Online Program

Application of socially assistive robots in mental health services for older adults

Sunday, November 1, 2015

Sangguk Kang, MS, School of Public Health, Indiana University, Bloomington, IN
Jennifer Piatt, PhD, CTRS, School of Health, Physical Education, and Recreation, Indiana University, Bloomington, IN
With approximately 16% of the older population diagnosed with clinical depressive symptoms, community mental health services play a significant role providing public health initiatives for this population. Often, older adults live alone within rural areas of the United States with minimal access to these services. This can increase symptoms associated with depression (i.e. self-isolation, loneliness, hopelessness). Recent years have seen the proliferation of socially assistive robots (SARs) for the purposes of improving the functioning and quality-of-life (QOL) of people who experience chronic and age-related health issues.  Many SARs-related studies occur in either laboratory or institutionalized care settings (e.g. nursing homes) and focus on treatment and rehabilitation.  However, “health” is not something that happens once someone gets sick or diagnosed; it is the result of an accumulating cascade of daily choices and environmental factors.  Impacting health in daily life – prior to the development of illness or the need for institutionalized care (i.e. preventative healthcare) –represents a novel opportunity for exploring applications of assistive robotics, and brings up the need to understand how robots may fit into peoples’ everyday lives and within the growing focus on patient-centered care.
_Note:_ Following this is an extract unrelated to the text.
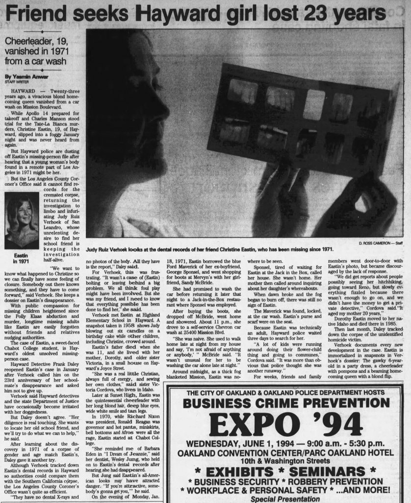 Yasmin Anwar, "Friend seeks Hayward girl lost 23 years," Oakland Tribune, 31 May 1994, A11.
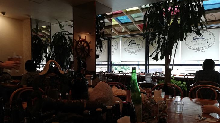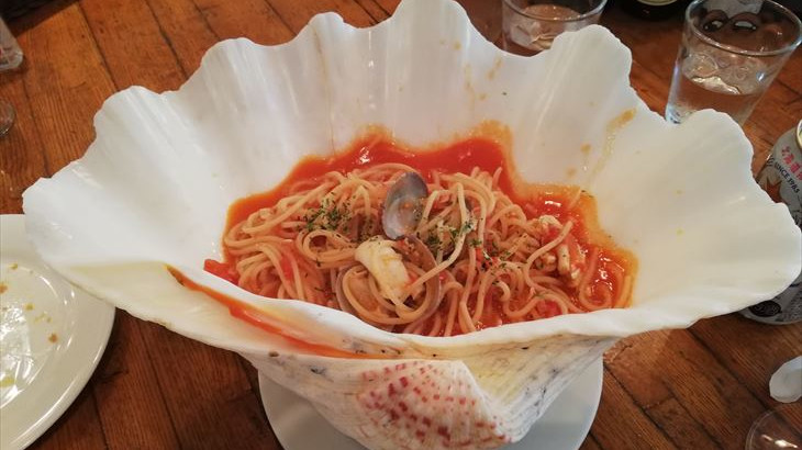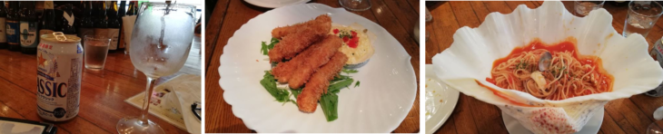 元町の1983年総合の老舗洋食屋さん「フィッシャーマンズワーフ」。14時に到着し、イカフライ、グラタン、スパゲッティを白ワインとともに頂きました。スパゲティは大きな貝、本物のシャコ貝に入れられビックリです。

This presentation will introduce an ongoing research project using socially assistive robots (SARs) for older adults diagnosed with clinical depression and co-occurring physical illness. The research examined SARs as a form of preventive patient-centered healthcare. Information on how SARs can be of particular benefits as a public health initiative, and results from the participatory design study with older adults will be presented.

Learning Areas:

Communication and informatics
Other professions or practice related to public health
Public health or related research
Social and behavioral sciences

Learning Objectives:
Describe how socially assistive robots can be utilized in community mental health services. Identify three clinical outcomes associated with socially assistive robots and the older adult with depression.